2020年6月15日、韓国・朝鮮日報によると、ソウル市は、新型コロナウイルスの集団感染を受け、遊興施設に出していた実質的な営業禁止命令を同日、解除した。記事は、医師出身で、「国民の党」の安哲秀(アン・チョルス)代表が同日、自身のフェイスブックで営業禁止命令解除に批判を繰り広げたことを報じた。

安氏は新型コロナウイルスの感染拡大を受け、今年3月には政治活動を一時中断し、当時多くの感染者が確認されていた同国南東部の大邱(テグ)で、医療ボランティアに携わったことでも知られる。

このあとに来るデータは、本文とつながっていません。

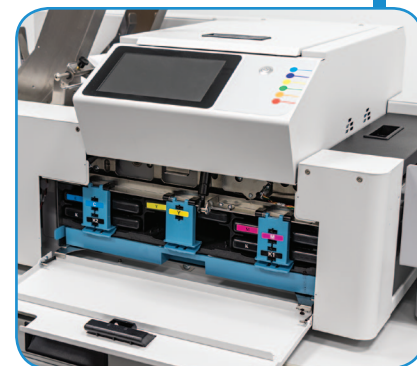
Clamshell design offers easy front access to ink tanks and paper path
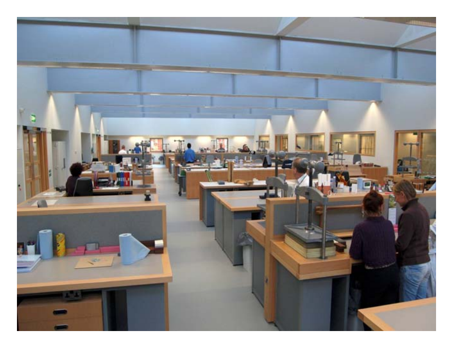
Figure 3. The main Book Conservation studios, around which there are weekly tours for the public

A Building as a Catalyst for Change: the New British Library Centre for Conservation
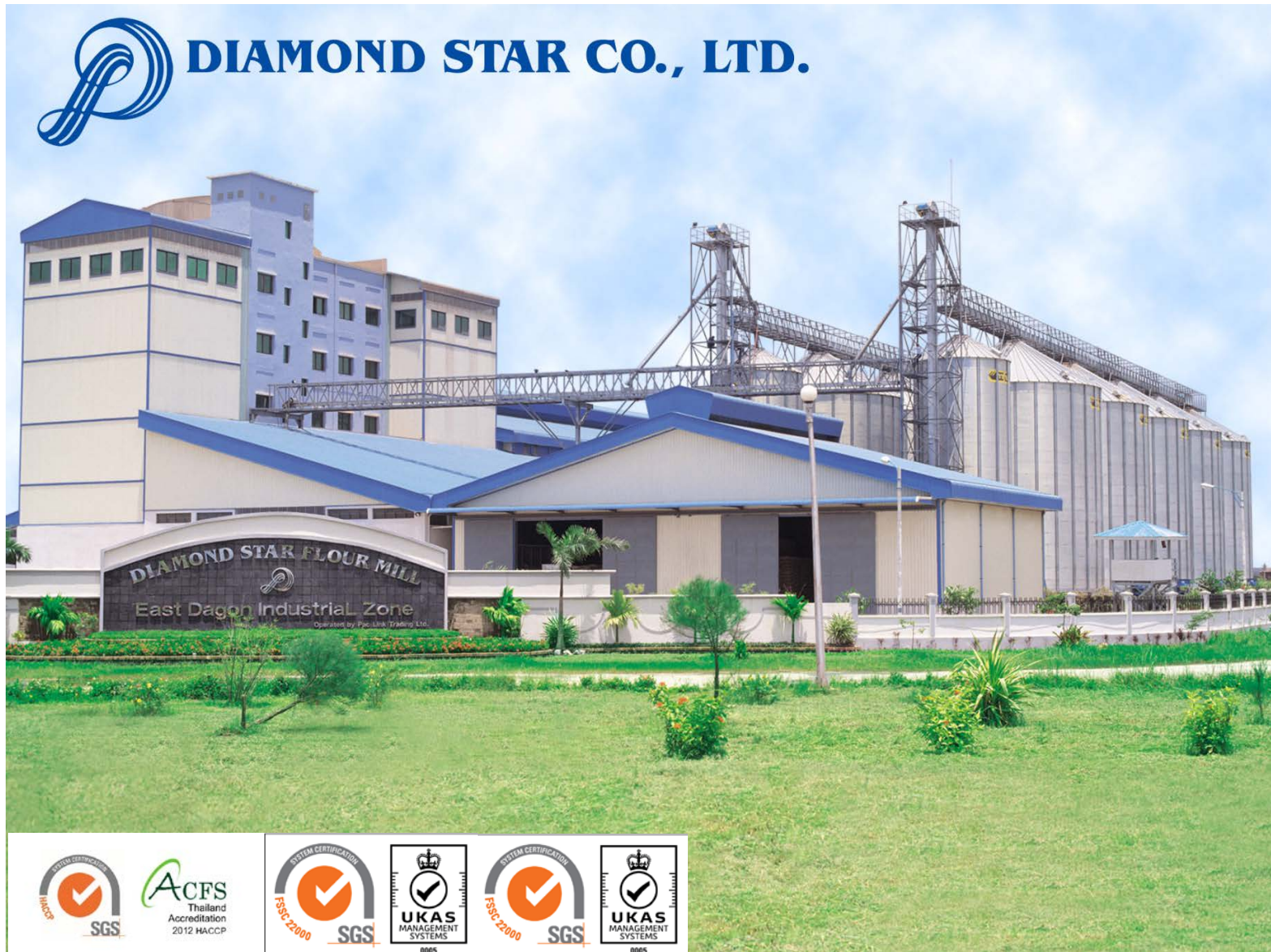
Yangon Flour Mill is located on No(50-52)Kanaung Minthargyi road, East Dagon Industrial Zone

安氏は、ソウル市が営業禁止命令を解除したことを受け、フェイスブックに「正気か」と投稿。同市では5月に繁華街・梨泰院(イテウォン)のナイトクラブで集団感染が発生し、その後感染が拡大したことから、「感染の第2波も懸念されているこの時点での解除は、首都圏のあちこちで導火線に点火するようなものだ」と批判を繰り広げた。さらに、「遊興施設の店主の人たちも、現在の状況を察して下さると信じる」とし、同市に営業禁止命令解除の撤回を求めた。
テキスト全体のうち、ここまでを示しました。